Friday, June 26, 2015

There is No Design

Today, the US Supreme Court made a decision to affirm what has always been true--that there is no crime in being gay. For me, this has been a day of celebration. For most of my friends on Facebook, either by virtue of the changing of the tide in the United States or by virtue of my more conservative friends "un-friending" me, this has been a day to proclaim support and express relief. But there is another side of the tracks of this occasion, to put it one way. There are those who are not celebrating, not feeling relief, not proclaiming support. There are those who are filled with fear, distress, and contempt. And this is a time when Christians, particularly those of a more fundamentalist or biblicist persuasion, begin their strange and paradoxical language of "love the sinner, hate the sin" and "I love gay people but I cannot support gay marriage." The rationale is historically complex and multi-layered (even if the claim is that it's one-dimensionally "biblical"), but one part that seems to consistently expose itself is the rationale of "design." "It is against God's design for marriage," they might say. This is the theological way of saying "it's unnatural." "Homosexuality is not God's design."

People talk about a "biblical design" but the fact is, the concept of "design" is theologically alien to the doctrine of creation. The metric of "design" is not indigenous to the Christian doctrine of creation or of the Imago Dei. God's creation of humankind is not just about drawing up plans and putting pieces together.
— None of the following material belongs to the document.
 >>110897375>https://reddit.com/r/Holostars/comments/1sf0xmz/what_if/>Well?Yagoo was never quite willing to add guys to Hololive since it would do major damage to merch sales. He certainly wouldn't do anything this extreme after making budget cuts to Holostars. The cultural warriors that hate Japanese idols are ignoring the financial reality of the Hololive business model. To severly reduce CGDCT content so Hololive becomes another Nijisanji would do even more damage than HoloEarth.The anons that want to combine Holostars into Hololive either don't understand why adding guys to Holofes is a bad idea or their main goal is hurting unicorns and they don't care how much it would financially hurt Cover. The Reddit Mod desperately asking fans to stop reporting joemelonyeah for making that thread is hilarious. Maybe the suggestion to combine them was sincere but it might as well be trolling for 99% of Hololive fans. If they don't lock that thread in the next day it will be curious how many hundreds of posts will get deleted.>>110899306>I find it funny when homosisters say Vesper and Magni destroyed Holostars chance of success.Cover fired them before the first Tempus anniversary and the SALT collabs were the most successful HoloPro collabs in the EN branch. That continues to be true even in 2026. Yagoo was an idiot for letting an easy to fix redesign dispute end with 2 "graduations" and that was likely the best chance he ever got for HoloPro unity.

It is about God's breathing life into dust, in loving creativity and ultimately in freedom. The doctrine of creation is about God's turning toward creation, the Imago Dei is about God's friendship with humanity. This precludes the mechanistic notion of "design." There is no "design" which determines or limits God's orientation toward humanity. God did not create a design, God created people... people are the "design"--male female, slave or free, Jew or Muslim, gay or straight, gender conforming or non-gender conforming--and God loves people. God's relation to humanity is primal, and God's relation to humanity is summed up in the phrase, "we are all one in Christ" (Gal. 3:28). This relationship does not follow a pattern like a design, for what is centralized is not an order of the relationship but the characters in it. And as it turns out, some of the characters happen to be gay. What's at stake here, which distinguishes this from conversations about morality, is the characters themselves, not simply their conduct.
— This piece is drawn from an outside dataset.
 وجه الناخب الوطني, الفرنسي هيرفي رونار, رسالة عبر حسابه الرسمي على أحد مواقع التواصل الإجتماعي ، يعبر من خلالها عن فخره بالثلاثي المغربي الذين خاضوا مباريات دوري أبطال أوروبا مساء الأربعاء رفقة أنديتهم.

A couple of days ago I heard Will Willimon (in the spirit of Karl Barth) say, "we don't have to devise means of turning toward God because God has turned toward us." This is the first move in all creation. Therefore, what makes us human is not a design to which we must conform, whether it be sexuality or even rationality (or notions of maturity). As John Swinton writes, "There is a necessary degree of uncertainty, openness and mystery inherent in all human understandings of God and humanity, which makes definitive propositions and comprehensive systems impossible" (From Bedlam to Shalom, 17). What makes us human is God's grace toward us in all our inadequacy. This grace is expressed in love. As Swinton puts it, "a person's humanity is defined and maintained by God's gracious movement towards them in love" (31). Humanity comes first because love comes first... whatever "designs" there are can only come second. Thus as the sabbath is for people not people for the sabbath (Mark 2:27), so is marriage for people not people for marriage. The characters precede the plot. If the characters are gay then marriage is for them. Dispense with notions of preceding design.

1 comment:

Ashley Haar said...

So much yes. Thank you for writing this Wes.